Researchers have found the earliest evidence of air pollution buried deep inside the layers of ice sitting on top of the Andes Mountains in southern Peru.
A team of researchers at the Byrd Polar and Climate Research Center of the Ohio State University has extracted an ice core from the 1,200-year-old Quelccaya Ice Cap. The core, which was taken from the layer dating back to the Spanish occupation of Latin America during the 16th century, shows traces of lead and other chemicals that were produced in the silver mines of Potosi in what is now present-day Bolivia.
This, the researchers believe, is the first clear evidence of human-caused air pollution in South America even before the rise of the Industrial Revolution.
In 16th-century South America, the Spanish conquistadors forced the native Incas to work in the silver mines on top of the mountains of Potosi, which was the largest source of silver in the world at the time. Although the Incas knew how to refine silver, the conquistadors introduced a new technology that would speed up the production of silver.
This new technology is amalgamation, which involved grinding silver ore into powder form before mixing with mercury. Lead powder emerged as a by-product of amalgamation, and clouds of lead-heavy dust went up into the atmosphere as part of the new process. Some of those clouds were carried by the winds across the lands and eventually settled on the Quelccaya Ice Cap some 500 miles northwest of Potosi, which explains the high concentration of lead in the ice core.
"This evidence supports the idea that human impact on the environment was widespread even before the industrial revolution," says researcher Paolo Gabrielli.
In fact, historical evidence from the colonial era shows political officials were aware of the impact of mining activities on humans and the environment. For instance, history professor Kendall Brown of Brigham University in Utah, who is not connected to the study, tells LiveScience in an email that Francisco de Toledo, viceroy of Peru from 1569 to 1581, ordered the silver miners at Potosi to build higher chimneys for their amalgamators to reduce risk of contamination.
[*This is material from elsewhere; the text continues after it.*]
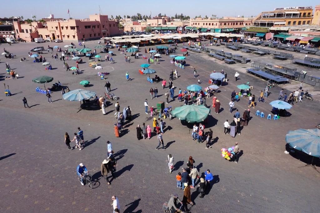 Fas’ın en renkli turistik meydanı şüphesiz Marakeş’de bulunan Jemaa El Fna meydanı. Yani kıyamet meydanı. Bu meydan UNESCO tarafından dünya kültürel mirası listesine alınmış tek şehir meydanı. Ortaçağdan kalmış bir meydan görünümünde. Hem gündüzleri, hem de geceleri inanılmaz renkli ve hareketli. Meydanda hikaye anlatıcıları, kınacılar, müzisyenler, geleneksel dansçılar, yılan oynatıcıları, maymuncular, kumarbazlar, büyücüler, kebapcılar, tatlıcılar, manavlar, lokumcular. Birde ilginç şapkaları ve bakır bardakları ile sucular. Tüm bu satıcılar fotoğraflarını çektiğiniz zaman eğer görürlerse yanınıza gelip bahşişlerini mutlaka istiyorlar.

Using a mass spectrometer, the researchers found high concentrations of lead, antimony, arsenic, bismuth, molybdenum, and other lead particulates in the ice core. Although the researchers found small amounts of these chemicals from before the Spanish rule, which can be attributed to natural contamination sources such as volcanic eruptions, they discovered unusually large amounts of chemicals deposited just before 1600 and up until the early 1800s, when the South American countries declared independence from Spain.
"The fact that we can detect pollution in ice from a pristine high altitude location is indicative of the continental significance of this deposition," says Gabrielli. "Only a significant source of pollution could travel so far and affect the chemistry of the snow on a remote place like Quelccaya."
Still, the researchers concede the level of air pollution during the Spanish Conquest is far lower than the pollution generated during the 20th century, during which miners began conducting their operations in open pits and people started burning fossil fuels for energy.